# [What to work on]
Leave the pictures aside and copy all the data exactly.
____ The data
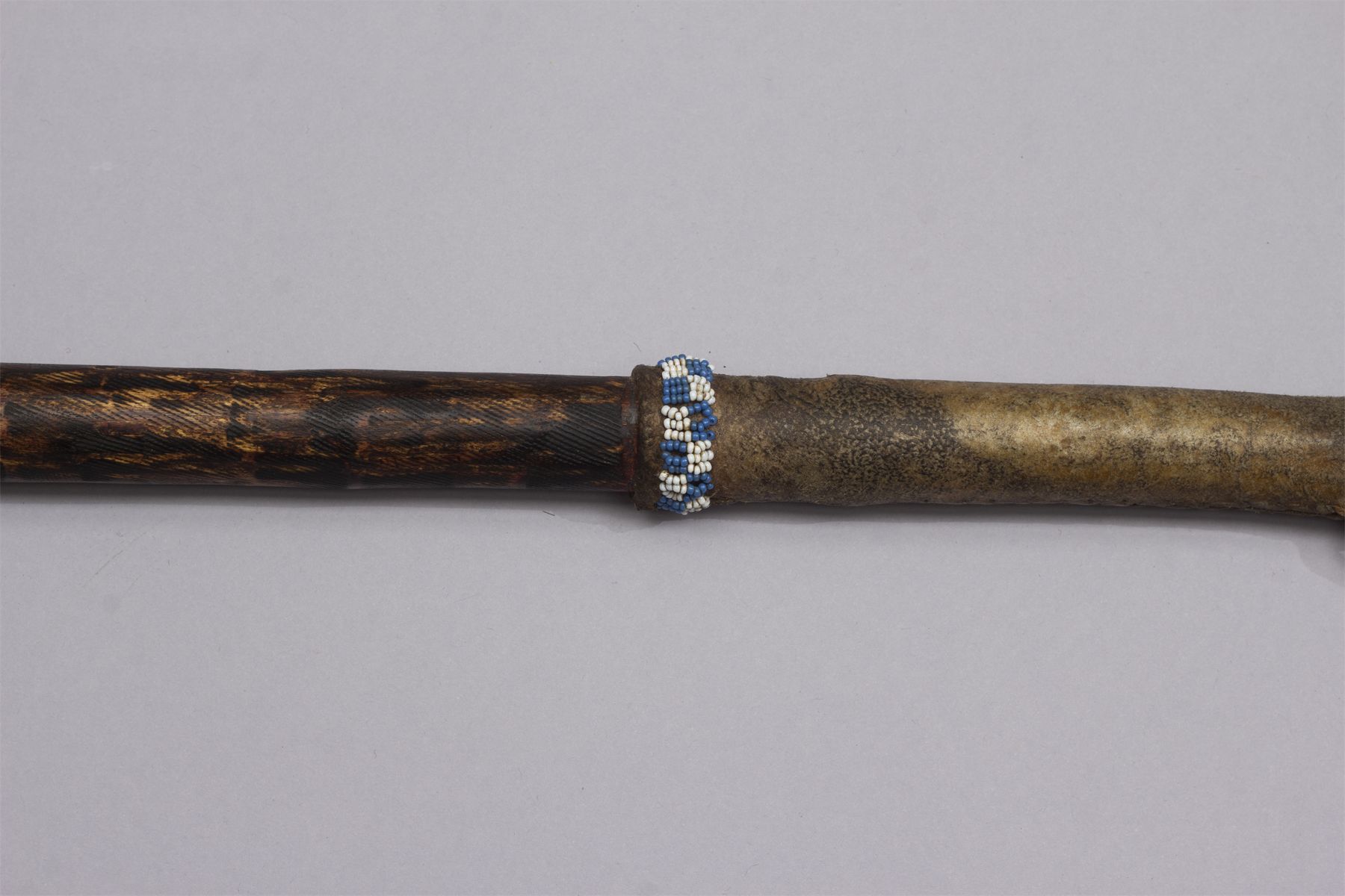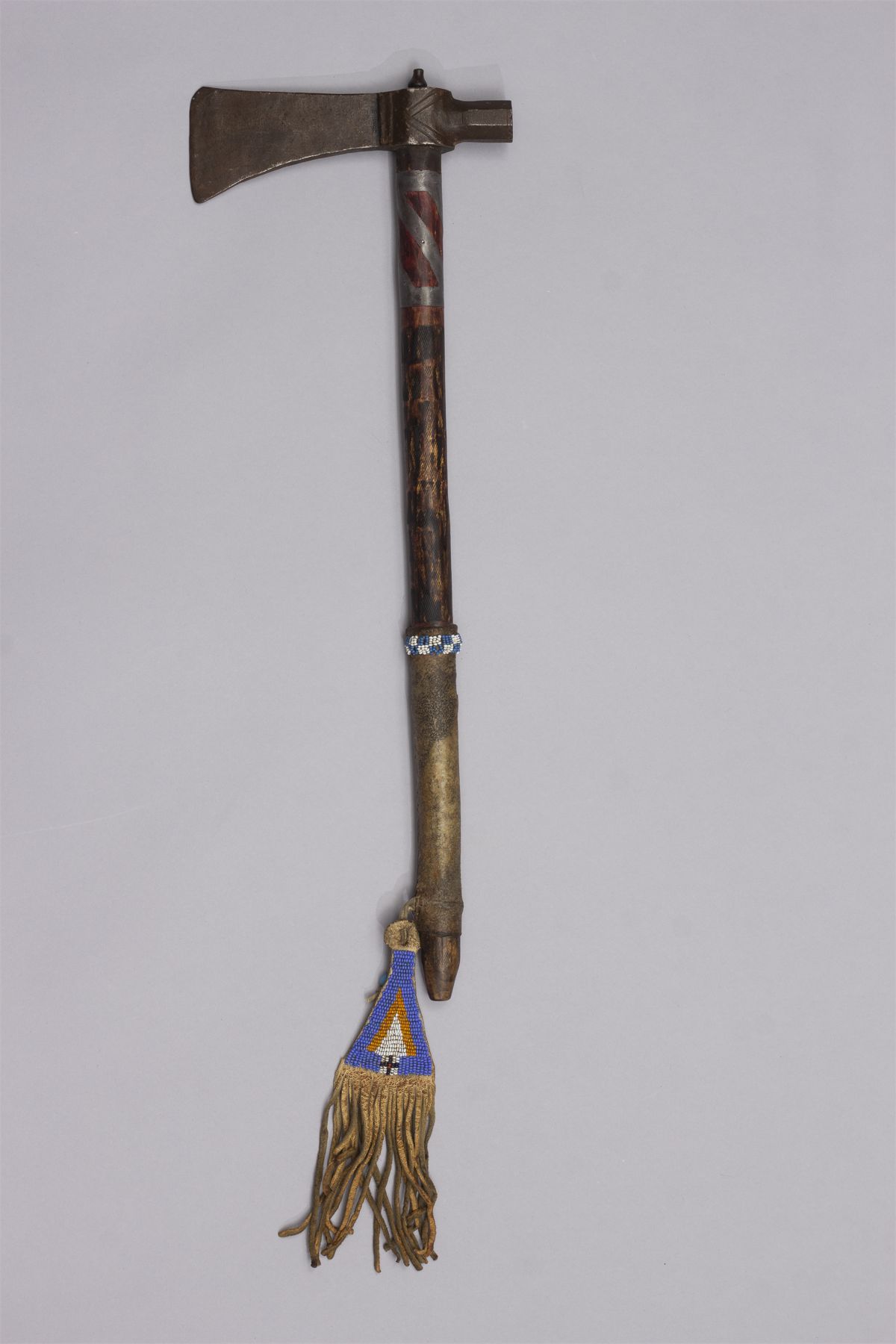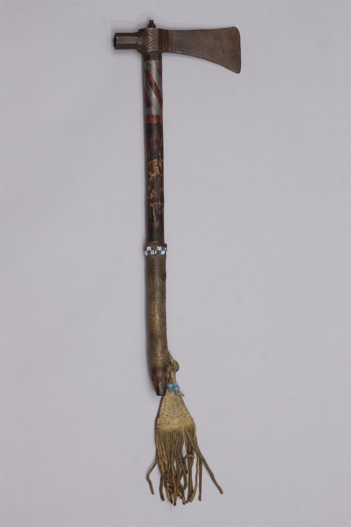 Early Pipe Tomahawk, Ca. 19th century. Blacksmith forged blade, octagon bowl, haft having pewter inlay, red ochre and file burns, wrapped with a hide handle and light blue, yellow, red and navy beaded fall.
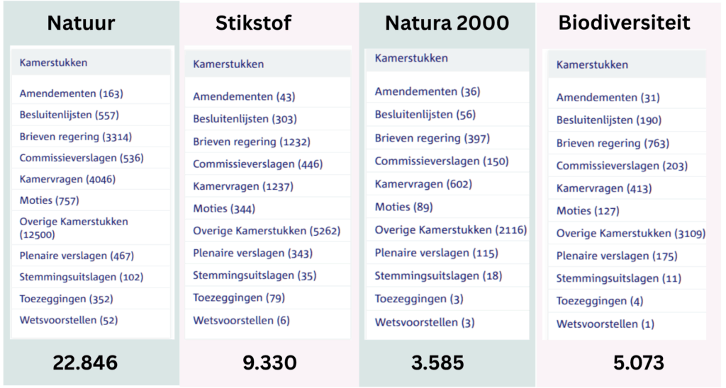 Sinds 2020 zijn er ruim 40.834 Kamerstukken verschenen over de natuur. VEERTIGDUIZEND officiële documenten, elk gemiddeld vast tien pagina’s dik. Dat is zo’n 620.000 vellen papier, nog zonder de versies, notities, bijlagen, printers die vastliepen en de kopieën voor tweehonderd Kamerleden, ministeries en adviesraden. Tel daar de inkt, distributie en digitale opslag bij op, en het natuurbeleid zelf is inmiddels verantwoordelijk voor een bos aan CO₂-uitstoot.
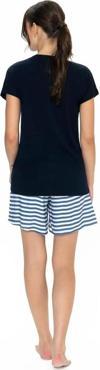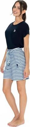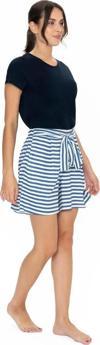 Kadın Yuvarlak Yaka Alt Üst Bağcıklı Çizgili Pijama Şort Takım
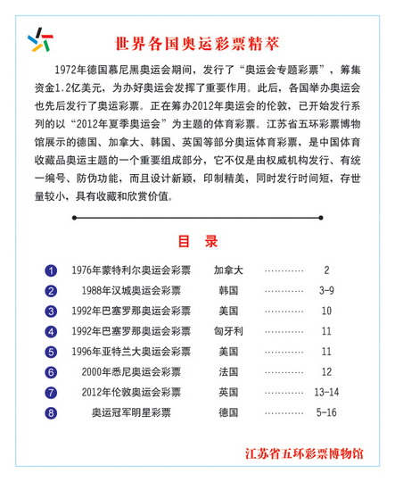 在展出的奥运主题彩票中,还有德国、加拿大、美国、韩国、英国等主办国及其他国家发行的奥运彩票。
________
# [Answer space]
 Early Pipe Tomahawk, Ca. 19th century. Blacksmith forged blade, octagon bowl, haft having pewter inlay, red ochre and file burns, wrapped with a hide handle and light blue, yellow, red and navy beaded fall.
 Sinds 2020 zijn er ruim 40.834 Kamerstukken verschenen over de natuur. VEERTIGDUIZEND officiële documenten, elk gemiddeld vast tien pagina’s dik. Dat is zo’n 620.000 vellen papier, nog zonder de versies, notities, bijlagen, printers die vastliepen en de kopieën voor tweehonderd Kamerleden, ministeries en adviesraden. Tel daar de inkt, distributie en digitale opslag bij op, en het natuurbeleid zelf is inmiddels verantwoordelijk voor een bos aan CO₂-uitstoot.
 Kadın Yuvarlak Yaka Alt Üst Bağcıklı Çizgili Pijama Şort Takım
 在展出的奥运主题彩票中,还有德国、加拿大、美国、韩国、英国等主办国及其他国家发行的奥运彩票。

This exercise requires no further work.